Basically, I care here about protecting two sorts of values. On the one hand, I do think the sort of COI you’re talking about is real. That is, insofar as people at AI companies who have influence over trade-offs the company makes between safety and commercial success hold equity, deciding in favor of safety will cause them to lose money — and potentially, for high-stakes decisions like dropping out of the race, a lot of money. This is true of people in safety-focused roles, but it’s true of other kinds of employees as well — and of course, especially true of leadership, who have both an outsized amount of equity and an outsized amount of influence. This sort of COI can be a source of epistemic bias (e.g. in safety evaluations of the type you’re focused on), but it can also just be a more straightforward misalignment where e.g. what’s best by the lights of an equity-holder might not be best for the world. I really don’t want my decision-making as an Anthropic employee to end up increasing existential risk from AI because of factors like this. And indeed, given that Anthropic’s stated mission is (roughly) to do what’s best for the world re: AI, in some sense it’s in the job description of every employee to make sure this doesn’t happen.[1] And just refusing to hold equity would indeed go far on this front (though: you can also get similar biases without equity — e.g., maybe you don’t want to put your cash salary at risk by making waves, pissing people off, etc). And even setting aside the reality of a given level of bias/misalignment, there can be additional benefits to it being legible to the world that this kind of bias/misalignment isn’t present (though I am currently much more concerned about the reality of the bias/misalignment at stake).

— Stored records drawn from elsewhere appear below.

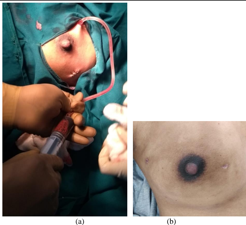
Fig-3: (a) The cavity was flushed with betadine and hydrogen peroxide and the drain tube is connected to a suction apparatus. (b) Scar noted on postoperative day 14
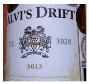
Alvi's Drift Viognier 2013

The aromas are dominated by apricots and white peaches. The wine is soft, ripe, and round with a lovely viscous texture.
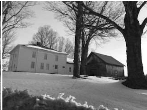
Sunrise over Halifax VT, March 27, 2018
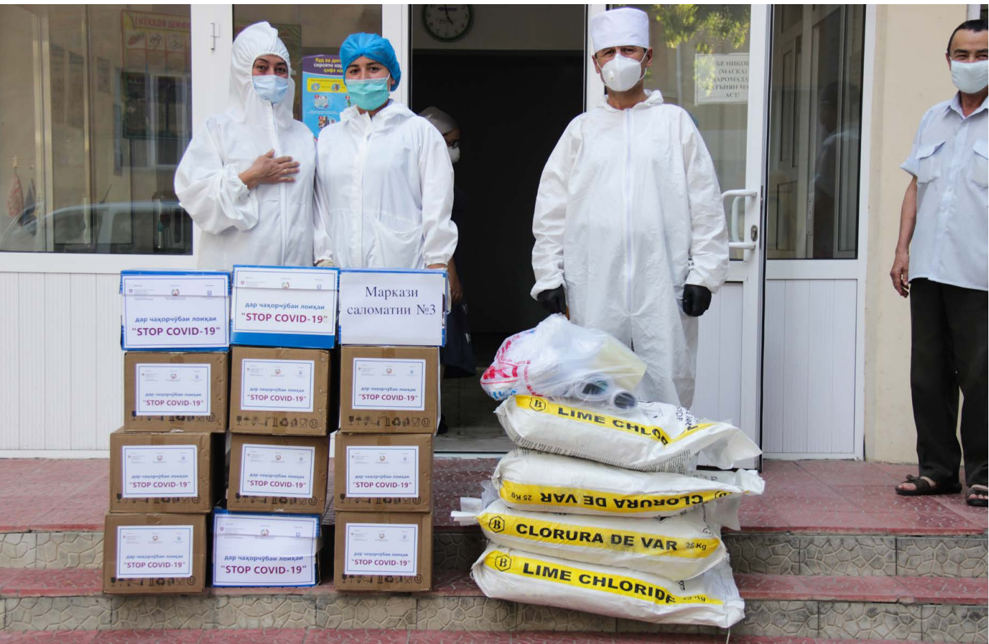
Local hospitals have received help in response to Covid-19, Sugd, Tajikistan, Photo: International Secretariat for Water
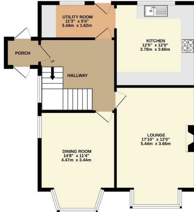
GROUND FLOOR 705 sq.ft. (65.5 sq.m.) approx.
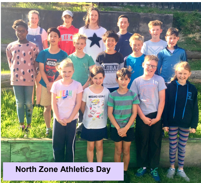
North Zone Athletics Day

Philippians 2:16 Holding fast to the word of life, so that in the day of Christ I may be proud that I did not run in vain or labor in vain.
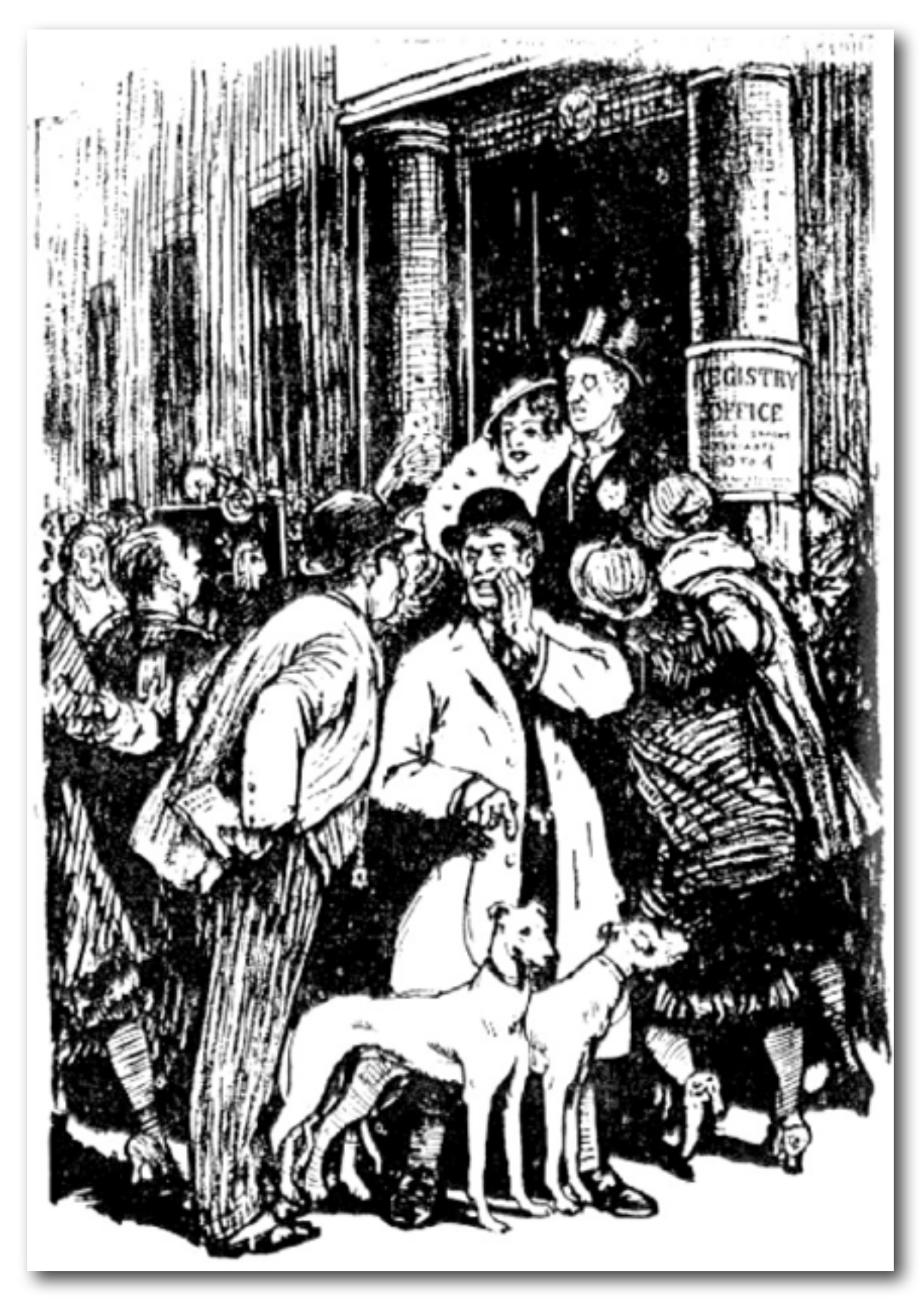
ASSIMILATION: "We dogs let our dogs do that."

A newly married couple, a Jewess and a Gentile, exiting the Registry Office is mocked by the dog owner for race mixing.

On the other hand: the amount of money at stake is enough that I don’t turn it down casually. This is partly due to donation potential. Indeed, my current guess is that (depending ofc on values and other views) many EA-ish folks should be glad on net that various employees at Anthropic (including some in leadership, and some who work on safety) didn’t refuse to take any equity in the company, despite the COIs at stake — though it will indeed depend on how much they actually end up donating, and to where. But beyond donation potential, I’m also giving weight to factors like freedom, security, flexibility in future career choices, ability to self-fund my own projects, trading-money-for-time/energy/attention, helping my family, maybe having/raising kids, option value in an uncertain world, etc. Some of these mix in impartially altruistic considerations in important ways, but just to be clear: I care about both altruistic and non-altruistic values; I give weight to both in my decision-making in general; and I am giving both weight here.
I’ll also note a different source of uncertainty for me — namely, what policy/norm would be best to promote here overall. This is a separate question from what *I* should do personally, but insofar as part of the value of e.g. refusing the equity would be to promote some particular policy/norm, it matters to me how good the relevant policy/norm is — and in some cases here, I’m not sure. I’ve put a few more comments on this in footnote.[2]

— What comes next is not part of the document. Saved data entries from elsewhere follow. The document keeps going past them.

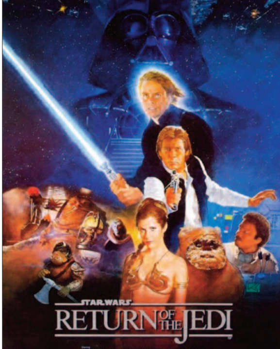
Return of The Jedi, Lakeside Village Shopping Outlet

Chris Moyles Live After Racing, Doncaster Racecourse, gates open at 11:20am (First race at 1:20pm). The Meadowhall Summer Saturday Series presents a brilliant blast from the past! Settle in for an afternoon of live horse racing followed by a 90-minute outdoor "90s Hangover" DJ set from broadcasting legend Chris Moyles. The Radio X breakfast host will serve up tunes of the decade, from Blur to Britney, and Pulp to the Prodigy. The entertainment kicks off on the Champagne Lawn 10 minutes after the final race. Access to the music performance is exclusive to County, Premier, and Hospitality ticket holders. Guests must be aged 13 or over to access the lawn, and under 18s must be accompanied by an adult. Tickets start from £10.
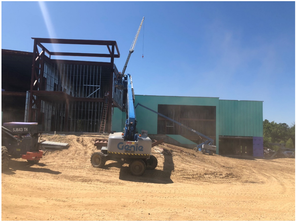
Figure 23 – North Entry Look S
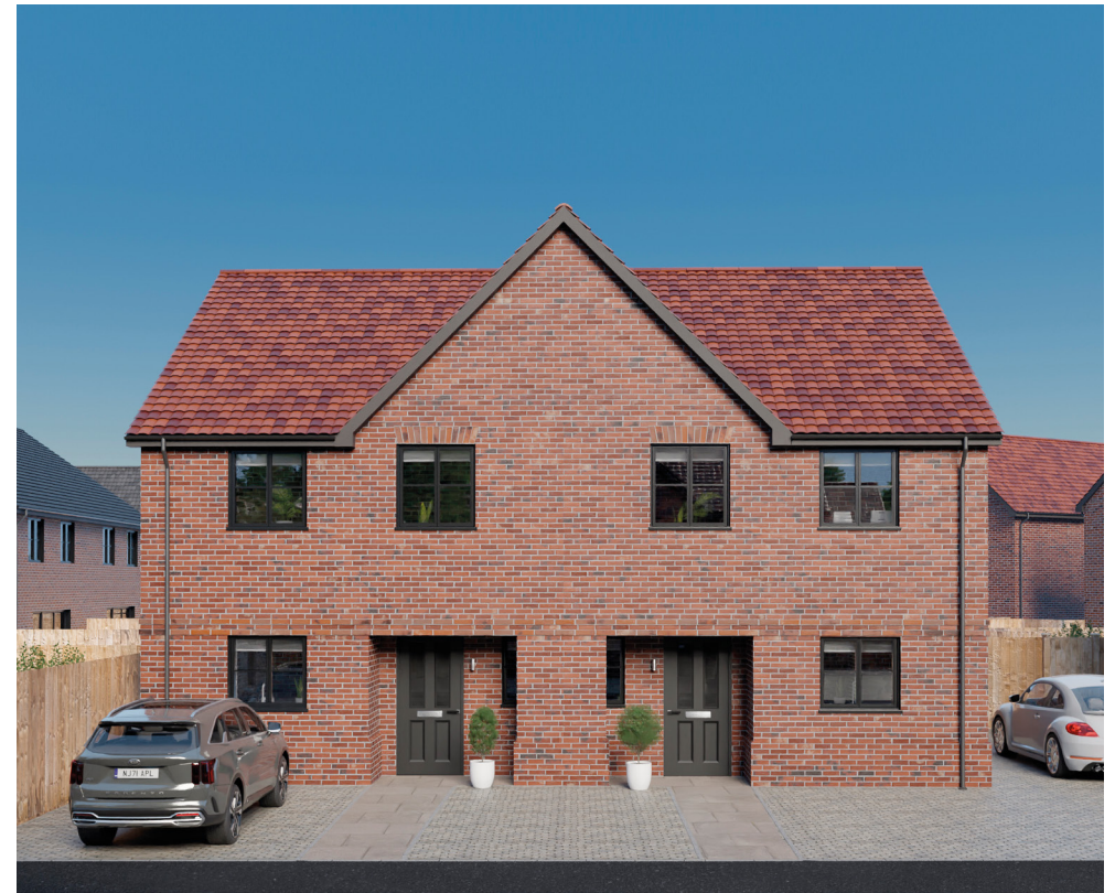
Exterior finishes may vary, speak to the sales team for more information. Computer generated image of plots 80 & 81 The Bure is indicative only.

Currently, my best-guess plan for balancing these factors is to accept the equity and the corresponding COI for now (at least assuming that I stay at Anthropic long enough for the equity to vest[3]), but to keep thinking about it, learning more, and talking with colleagues and other friends/advisors as I actually dive into my role at Anthropic — and if I decide later that I should divest/give up the equity (or do something more complicated to mitigate this and other types of COI), to do that. This could be because my understanding of costs/benefits at stake in the current situation changes, or because the situation itself (e.g., my role/influence, or the AI situation more generally) changes.

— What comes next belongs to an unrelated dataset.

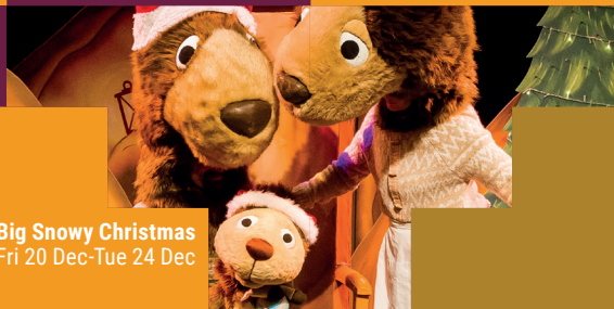
The Big Snowy Christmas Fri 20 Dec-Tue 24 Dec

the met f metbury @ metbury Buy tickets direct from themet.org.uk 0161 761 2216
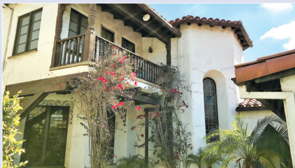
2742 Forrester Dr – $2,695,000 Great new price!

5 Bed / 5 Bath 3,842 Sq. Ft., 7,444 Sq. Ft. Lot

Which isn't to say that people will live up to this.
There’s one question whether it would be good (and suitably realistic) for *no* employees at Anthropic, or at any frontier AI company, to hold equity, and to be paid in cash instead (thus eliminating this source of COI in general). There’s another question whether, at the least, safety-focused employees in particular should be paid in cash, as your post here seems to suggest, while making sure that their overall *level* of compensation remains comparable to that of non-safety-focused employees. Then, in the absence of either of these policies, there’s a different question whether safety-focused employees should be paid substantially less than non-safety-focused employees — a policy which would then reduce the attractiveness of these roles relative to e.g. capabilities roles, especially for people who are somewhat interested in safety but who also care a lot about traditional financial incentives as well (I think many strong AI researchers may be in this category, and increasingly so as safety issues become more prominent). And then there’s a final question of whether, in the absence of any changes to how AI companies currently operate, there should be informal pressure/expectation on safety-focused-employees to voluntarily take very large pay cuts (equity is a large fraction of total comp) relative to non-safety-focused employees for the sake of avoiding COI (one could also distribute this pressure/expectation more evenly across all employees at AI companies — but the focus on safety evaluators in your post is more narrow).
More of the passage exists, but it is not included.